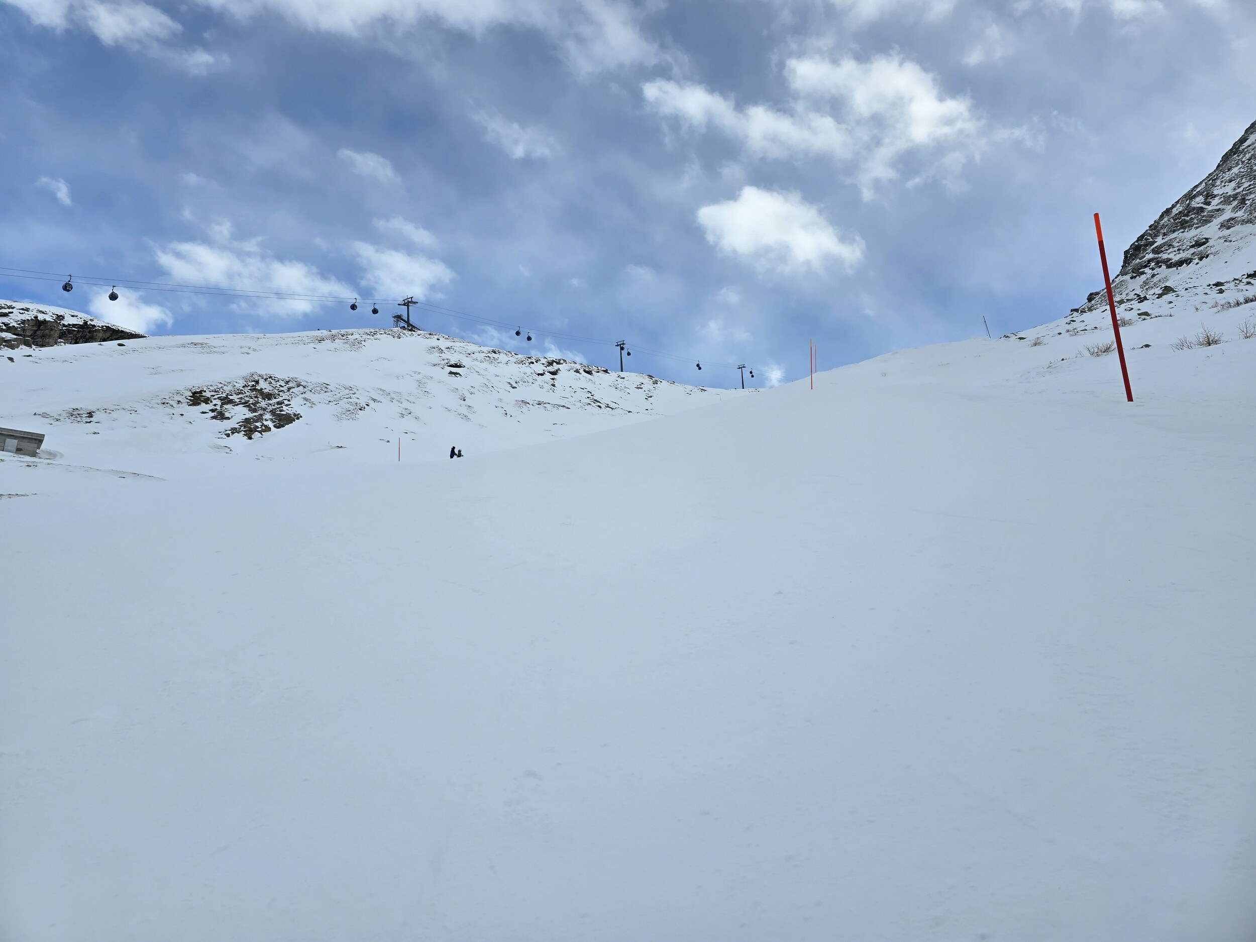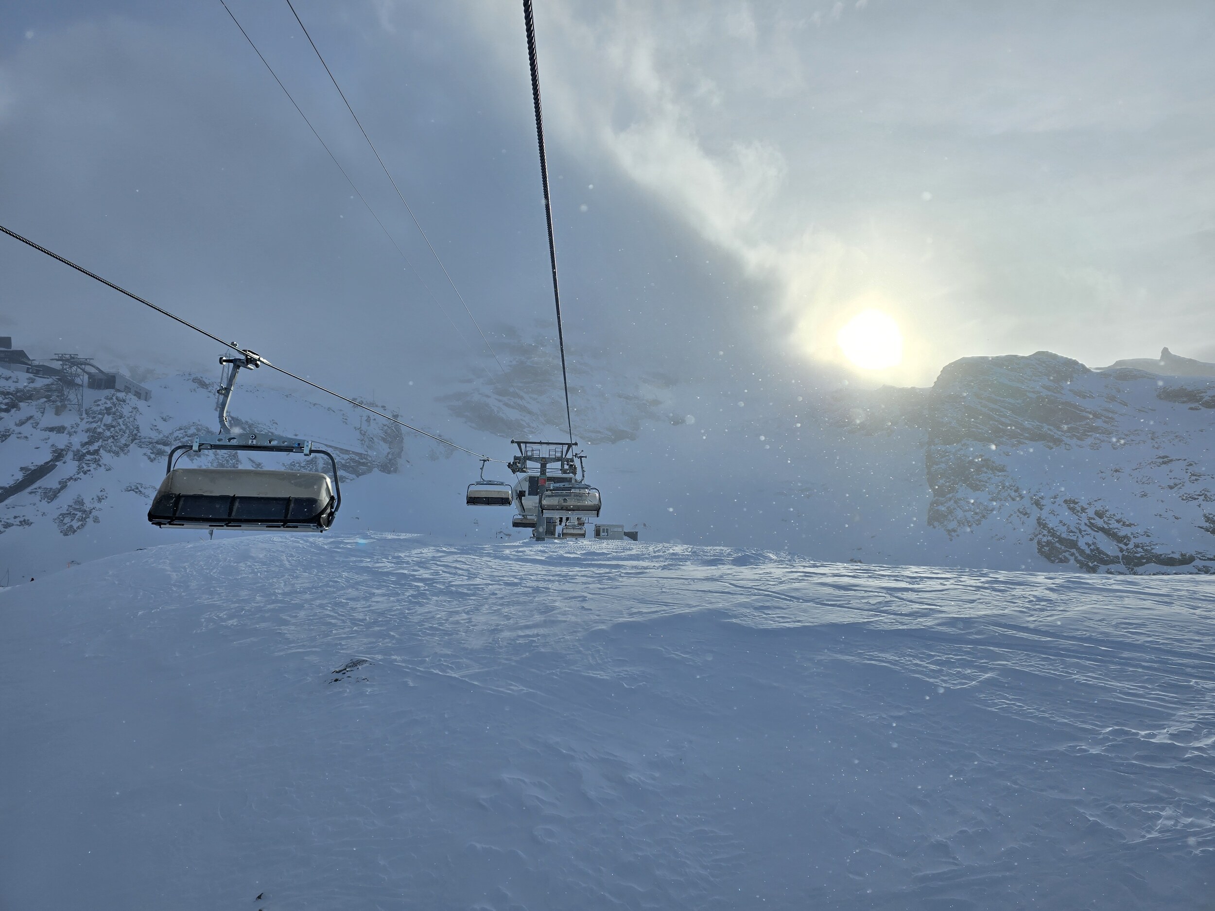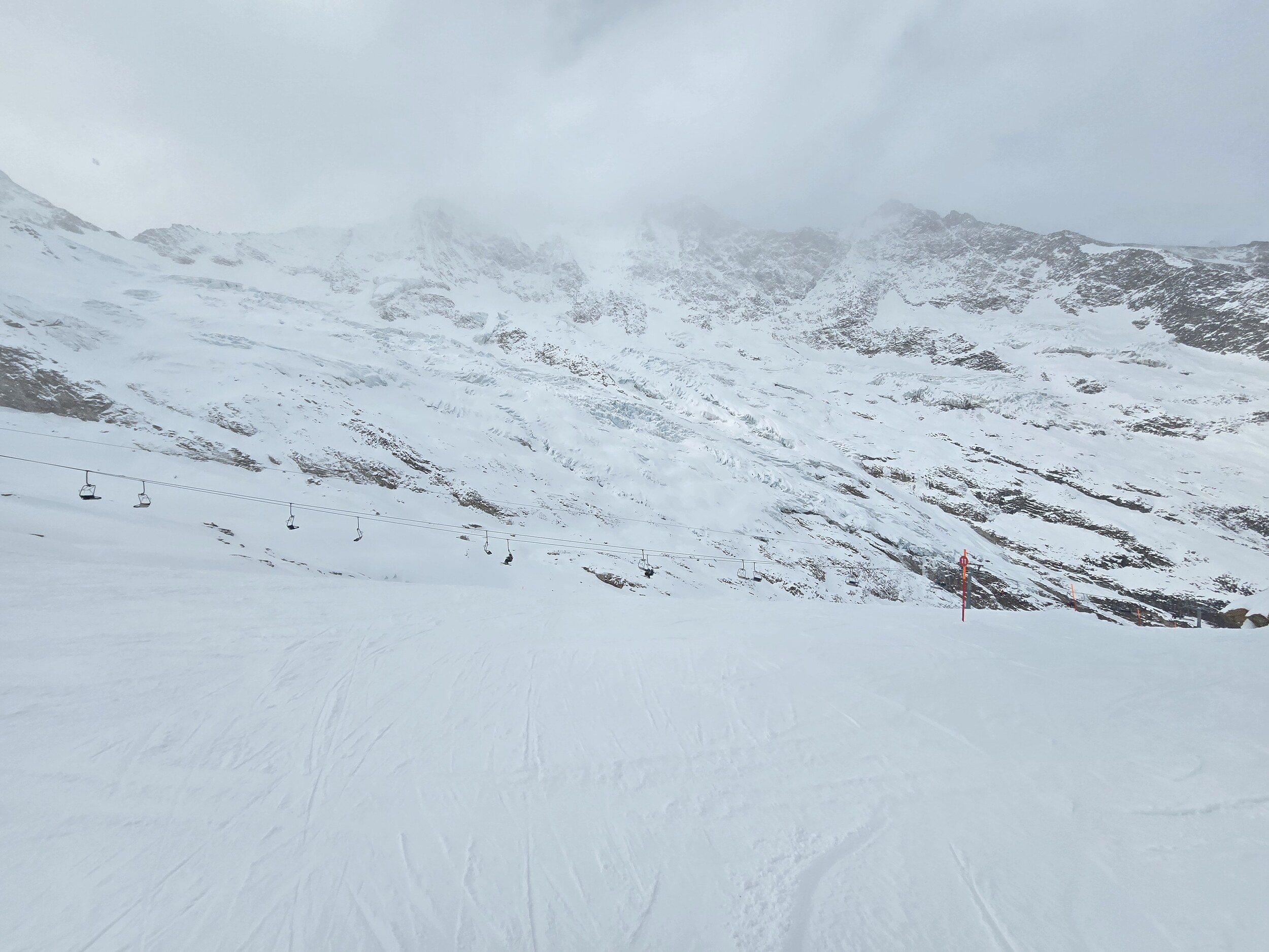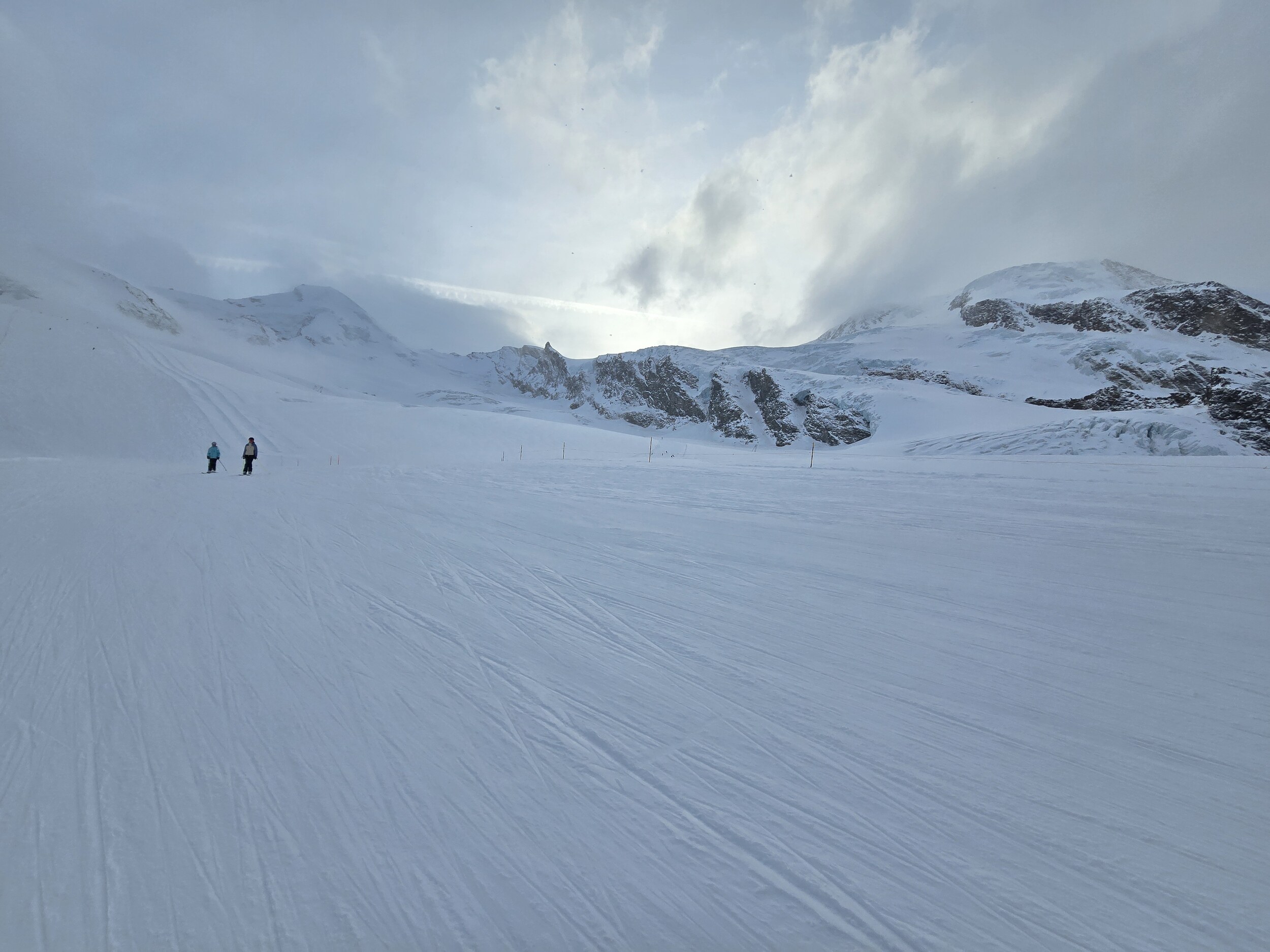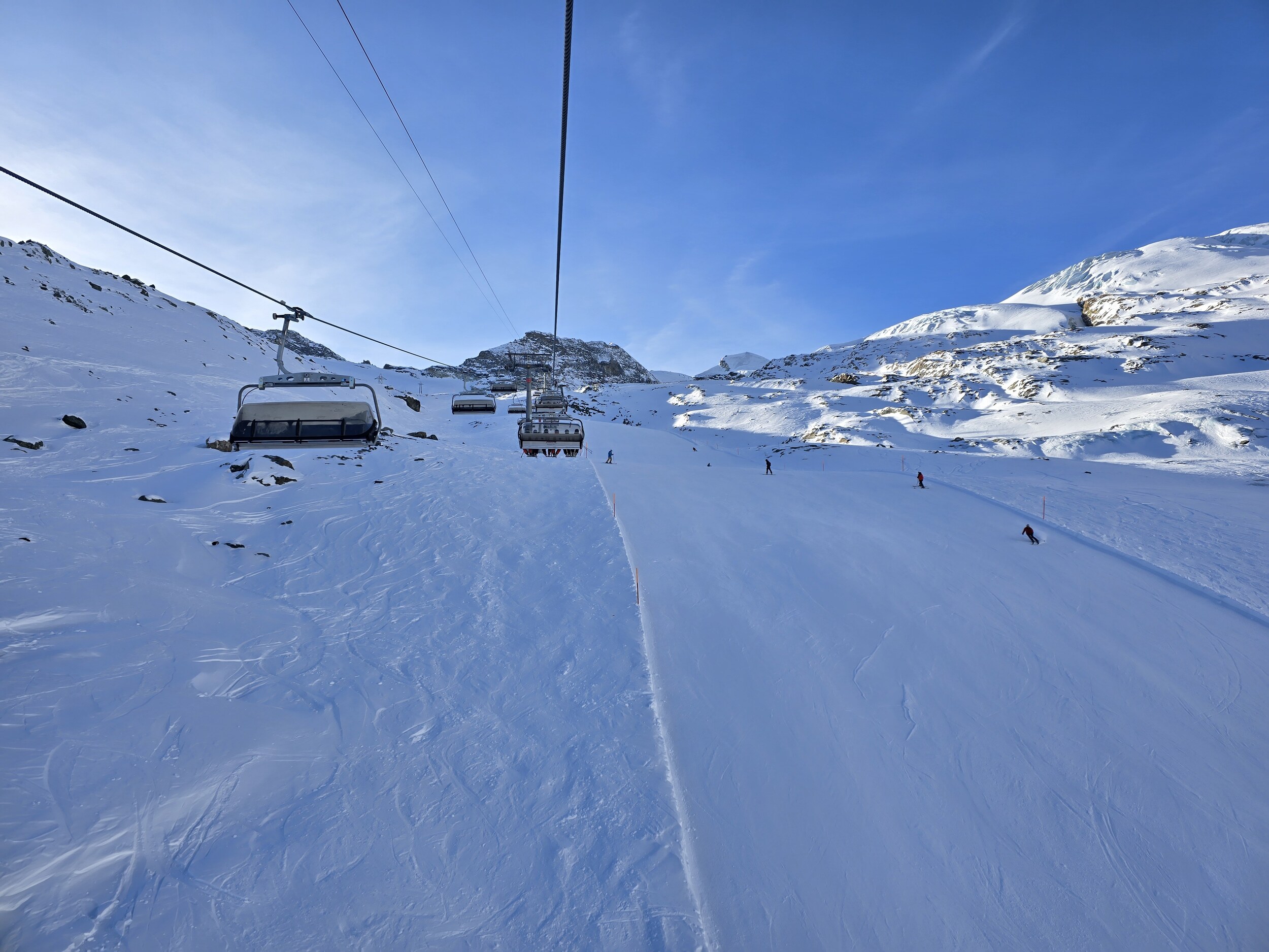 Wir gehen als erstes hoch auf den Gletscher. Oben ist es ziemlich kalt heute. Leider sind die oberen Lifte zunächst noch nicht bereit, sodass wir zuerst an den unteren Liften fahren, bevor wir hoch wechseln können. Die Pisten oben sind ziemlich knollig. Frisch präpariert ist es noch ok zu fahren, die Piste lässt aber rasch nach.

==

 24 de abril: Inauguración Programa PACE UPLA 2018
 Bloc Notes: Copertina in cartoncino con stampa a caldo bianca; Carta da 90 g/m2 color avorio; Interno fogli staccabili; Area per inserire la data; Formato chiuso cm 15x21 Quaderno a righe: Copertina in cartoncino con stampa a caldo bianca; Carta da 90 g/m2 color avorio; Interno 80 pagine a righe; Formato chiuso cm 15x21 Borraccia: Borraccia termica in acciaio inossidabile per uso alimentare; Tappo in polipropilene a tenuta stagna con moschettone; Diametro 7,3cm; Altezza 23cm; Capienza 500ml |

---

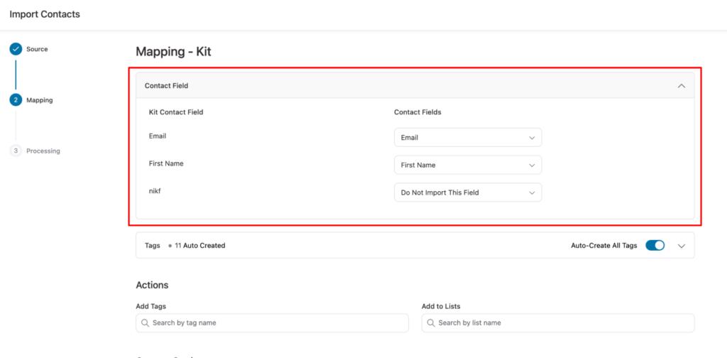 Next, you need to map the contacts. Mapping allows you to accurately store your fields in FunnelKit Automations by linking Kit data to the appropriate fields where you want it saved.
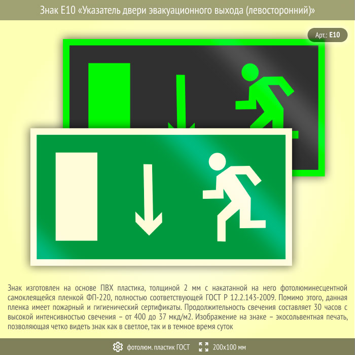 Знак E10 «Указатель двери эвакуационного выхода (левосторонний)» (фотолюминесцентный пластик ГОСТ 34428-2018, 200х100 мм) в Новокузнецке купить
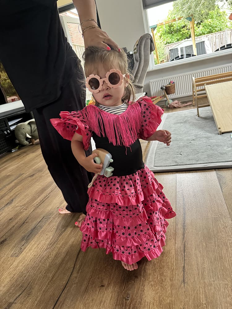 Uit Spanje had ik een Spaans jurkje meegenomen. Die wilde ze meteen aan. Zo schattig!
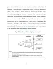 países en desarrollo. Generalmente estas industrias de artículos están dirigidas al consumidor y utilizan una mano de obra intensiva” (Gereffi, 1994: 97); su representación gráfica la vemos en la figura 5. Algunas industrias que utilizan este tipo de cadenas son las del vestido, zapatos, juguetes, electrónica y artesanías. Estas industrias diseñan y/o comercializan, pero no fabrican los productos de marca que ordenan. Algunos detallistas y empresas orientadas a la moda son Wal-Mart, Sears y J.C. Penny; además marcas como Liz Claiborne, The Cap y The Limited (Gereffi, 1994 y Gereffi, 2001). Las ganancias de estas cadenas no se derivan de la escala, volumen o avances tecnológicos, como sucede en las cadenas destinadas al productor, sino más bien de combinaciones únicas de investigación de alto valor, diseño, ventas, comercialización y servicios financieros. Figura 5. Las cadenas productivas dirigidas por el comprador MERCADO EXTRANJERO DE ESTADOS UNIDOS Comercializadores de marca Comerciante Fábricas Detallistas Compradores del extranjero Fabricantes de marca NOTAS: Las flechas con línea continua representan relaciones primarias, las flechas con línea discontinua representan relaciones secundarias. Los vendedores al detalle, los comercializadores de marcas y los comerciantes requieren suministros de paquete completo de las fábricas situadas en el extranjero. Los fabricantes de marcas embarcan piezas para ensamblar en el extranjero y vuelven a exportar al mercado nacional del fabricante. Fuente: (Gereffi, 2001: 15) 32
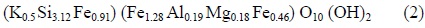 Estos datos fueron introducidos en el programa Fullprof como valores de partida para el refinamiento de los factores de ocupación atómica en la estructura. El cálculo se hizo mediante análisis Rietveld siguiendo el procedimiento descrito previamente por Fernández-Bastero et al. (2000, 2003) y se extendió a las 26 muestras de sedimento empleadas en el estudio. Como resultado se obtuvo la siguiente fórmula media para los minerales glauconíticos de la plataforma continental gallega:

◆ Task requirements
Among the records above, a stretch begins at the line containing "24 de abril: Inauguración" and ends at the line containing "Bloc Notes: Copertina". Restate that stretch word for word, and nothing else.

◆ Reply
 24 de abril: Inauguración Programa PACE UPLA 2018
 Bloc Notes: Copertina in cartoncino con stampa a caldo bianca; Carta da 90 g/m2 color avorio; Interno fogli staccabili; Area per inserire la data; Formato chiuso cm 15x21 Quaderno a righe: Copertina in cartoncino con stampa a caldo bianca; Carta da 90 g/m2 color avorio; Interno 80 pagine a righe; Formato chiuso cm 15x21 Borraccia: Borraccia termica in acciaio inossidabile per uso alimentare; Tappo in polipropilene a tenuta stagna con moschettone; Diametro 7,3cm; Altezza 23cm; Capienza 500ml |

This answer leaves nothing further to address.